Data supplied ▸
------------------------------------------------------------

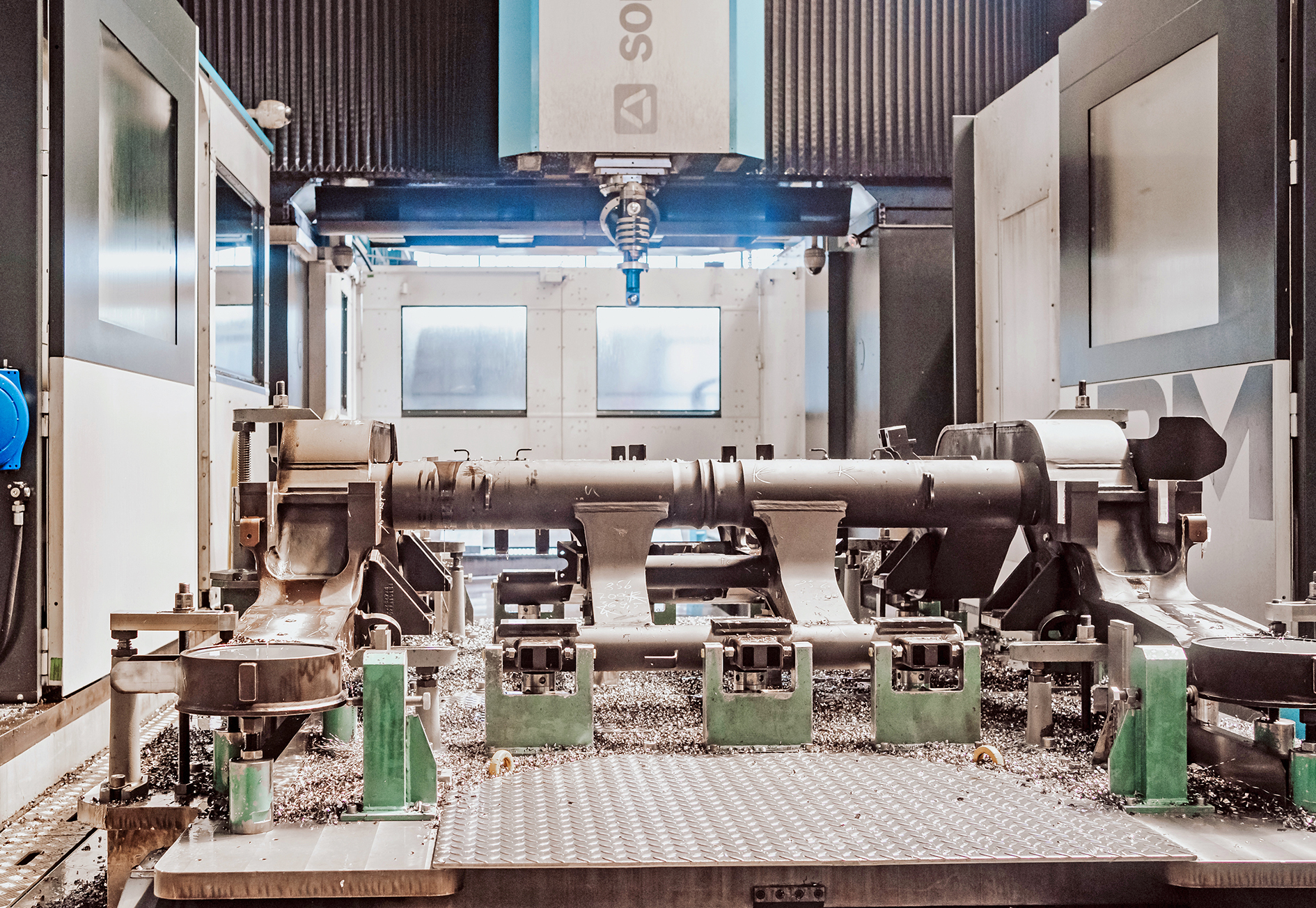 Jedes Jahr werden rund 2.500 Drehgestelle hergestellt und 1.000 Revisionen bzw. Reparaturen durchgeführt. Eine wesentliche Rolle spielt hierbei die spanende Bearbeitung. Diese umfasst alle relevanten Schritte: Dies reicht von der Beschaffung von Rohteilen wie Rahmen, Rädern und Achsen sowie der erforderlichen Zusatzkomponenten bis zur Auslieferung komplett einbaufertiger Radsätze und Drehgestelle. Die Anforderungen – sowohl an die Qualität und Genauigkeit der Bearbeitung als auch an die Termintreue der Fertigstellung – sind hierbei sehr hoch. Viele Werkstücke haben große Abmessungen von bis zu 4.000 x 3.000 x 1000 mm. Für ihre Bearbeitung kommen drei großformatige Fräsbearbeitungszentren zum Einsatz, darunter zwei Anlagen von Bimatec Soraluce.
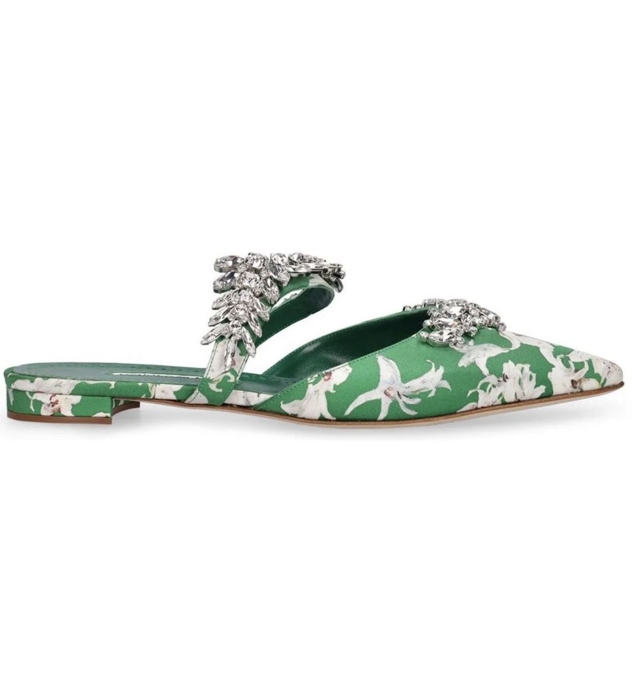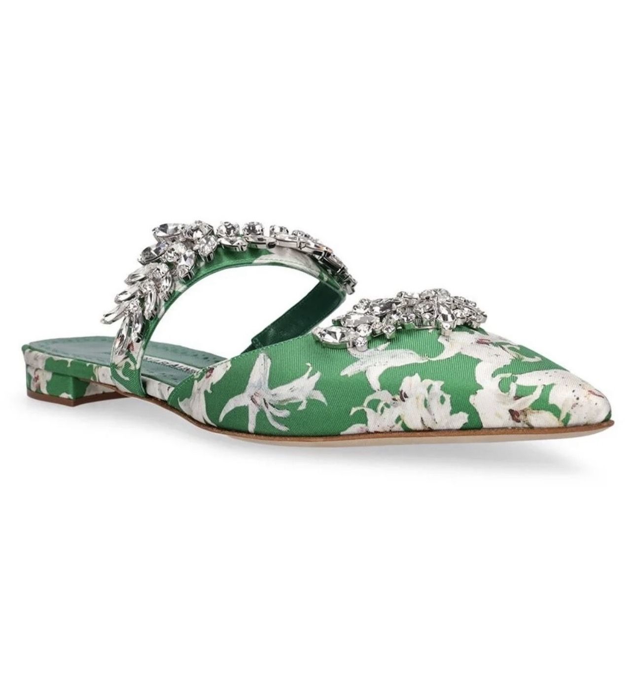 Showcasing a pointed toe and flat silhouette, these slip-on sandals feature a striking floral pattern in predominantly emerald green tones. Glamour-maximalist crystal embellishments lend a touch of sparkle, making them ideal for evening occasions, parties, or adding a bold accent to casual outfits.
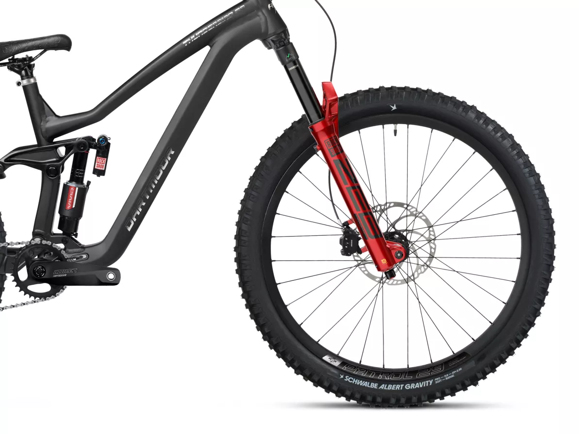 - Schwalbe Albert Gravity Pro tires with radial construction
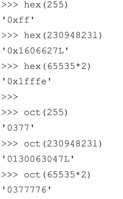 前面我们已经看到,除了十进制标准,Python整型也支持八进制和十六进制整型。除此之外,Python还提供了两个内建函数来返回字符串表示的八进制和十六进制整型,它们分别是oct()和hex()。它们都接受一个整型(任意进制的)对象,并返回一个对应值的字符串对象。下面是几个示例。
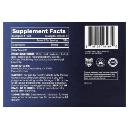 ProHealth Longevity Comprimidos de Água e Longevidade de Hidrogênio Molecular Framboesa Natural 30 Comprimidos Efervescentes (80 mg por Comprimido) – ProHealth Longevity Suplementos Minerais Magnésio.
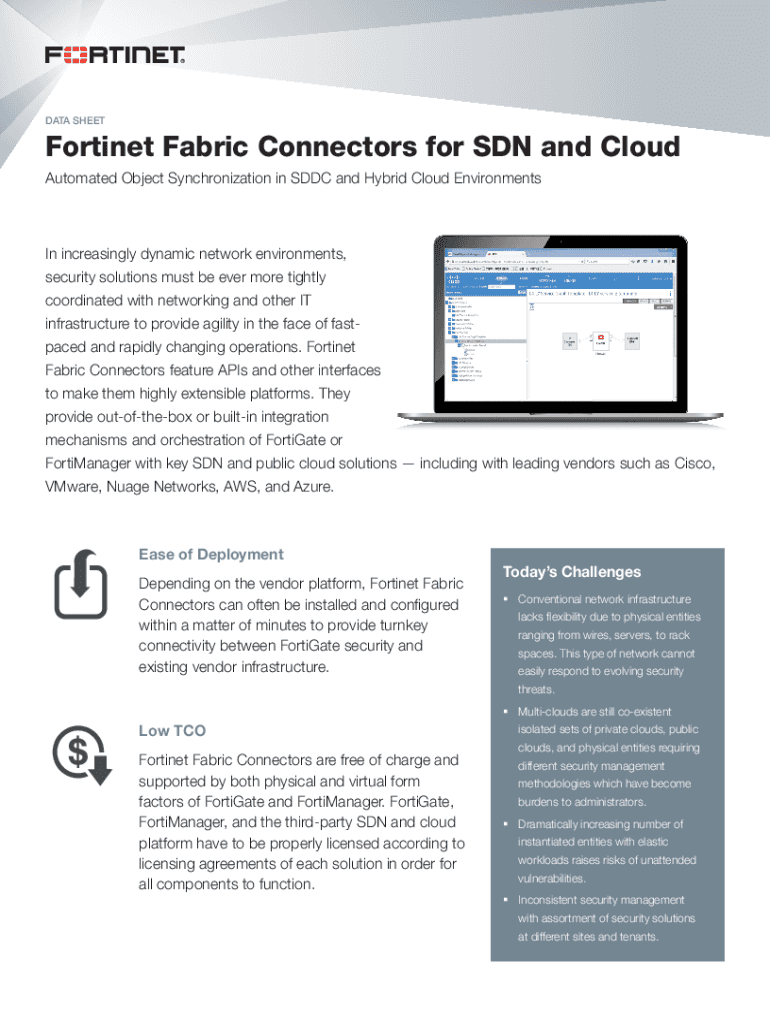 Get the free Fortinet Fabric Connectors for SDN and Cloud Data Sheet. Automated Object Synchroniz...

------------------------------------------------------------

Assigned task ▸ Produce a word-for-word version of the material, with no pictures included.

Output for this exercise ▸
 Jedes Jahr werden rund 2.500 Drehgestelle hergestellt und 1.000 Revisionen bzw. Reparaturen durchgeführt. Eine wesentliche Rolle spielt hierbei die spanende Bearbeitung. Diese umfasst alle relevanten Schritte: Dies reicht von der Beschaffung von Rohteilen wie Rahmen, Rädern und Achsen sowie der erforderlichen Zusatzkomponenten bis zur Auslieferung komplett einbaufertiger Radsätze und Drehgestelle. Die Anforderungen – sowohl an die Qualität und Genauigkeit der Bearbeitung als auch an die Termintreue der Fertigstellung – sind hierbei sehr hoch. Viele Werkstücke haben große Abmessungen von bis zu 4.000 x 3.000 x 1000 mm. Für ihre Bearbeitung kommen drei großformatige Fräsbearbeitungszentren zum Einsatz, darunter zwei Anlagen von Bimatec Soraluce.
 Showcasing a pointed toe and flat silhouette, these slip-on sandals feature a striking floral pattern in predominantly emerald green tones. Glamour-maximalist crystal embellishments lend a touch of sparkle, making them ideal for evening occasions, parties, or adding a bold accent to casual outfits.
 - Schwalbe Albert Gravity Pro tires with radial construction
 前面我们已经看到,除了十进制标准,Python整型也支持八进制和十六进制整型。除此之外,Python还提供了两个内建函数来返回字符串表示的八进制和十六进制整型,它们分别是oct()和hex()。它们都接受一个整型(任意进制的)对象,并返回一个对应值的字符串对象。下面是几个示例。
 ProHealth Longevity Comprimidos de Água e Longevidade de Hidrogênio Molecular Framboesa Natural 30 Comprimidos Efervescentes (80 mg por Comprimido) – ProHealth Longevity Suplementos Minerais Magnésio.
 Get the free Fortinet Fabric Connectors for SDN and Cloud Data Sheet. Automated Object Synchroniz...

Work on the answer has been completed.